Sunday, February 15, 2009

~~Is knowing or not knowing the true reality of a situation? People go through their everyday lives not knowing a lot of stuff and are usually the better for it. That is their reality, however confusing and not up to par it may be. And then there are those times when you find out something that maybe you shouldn't have known that throws your world in a complete spiral. Then that becomes your reality. But can we pick and choose which one we'd rather believe? We choose everything else. What we want to eat, what we want to watch on tv, where we want to go. Why can't we choose our reality? I wish that option was available to us, because believe me, my life would be a lot less complicated if I did get to choose. Granted, some things we NEED to hear and other things are "luxuries". Even though these other things are not very luxurious at all.

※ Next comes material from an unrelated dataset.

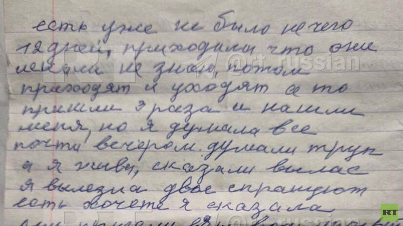 Бойцы отряда «Питерского» Спецназа «Ахмат» показали записи, найденные у пожилой женщины, которая была обнаружена мертвой в Мартыновке. Эти обращения к родственникам были найдены во время освобождения Суджи и окрестных сел. Сообщается, что тело женщины было найдено и вывезено в ходе очистки населенных пунктов от ВСУ. В процессе поиска её документов бойцы наткнулись на дневник, который она вела во время оккупации села. В своих записях женщина прощается с близкими, делится горем и просит о достойных похоронах. Некоторые строчки из этих записей приводит RT: «После войны найдите хоть косточку и похороните возле Светы, а душа на небе»; «Не плачь, я сама виновата. Витька и Валька не взяли, я просилась, сказал – машина слабая, а сами поехали»; «Я жила, спала в сарае под столом… Каждый день прошу о смерти. Из сарая перешла в хату, буду лежать на кровати, часов нет. Есть уже не было ничего 12 дней»; «Прощайте, дети, не увидимся – ни я вас, ни вы меня, целую всех».

~~I want a time machine. The end.
~~That break that I so desperately needed from someone begins now. We, as friends, are on good terms. Me, as a person so in liking of this person, is a "make you fall to your knees crying" sort of situation. When did I lose the power, huh? I mean, its too late now. It's gone and I pray to God that one day I'll get it back...or at least share it. But today is not the day unfortunately. And I'm trying something new with old but new people and my heart is not in it. Maybe it isn't because it shouldn't be. Maybe it's not because I am, in fact, hung up on someone else. Who knows? I don't know if I really want to find out. I'm at a point now where I don't know if I WANT to be single or NEED to be single.
~~I'm making a change. I am stopping. I'm stopping this whole fucked up relationship. I'm stopping smoking (gradually). I am going to start over and enjoy life and myself. I'm going to stop worrying about stupid stuff and start living life like it needs to be lived. Harmoniously!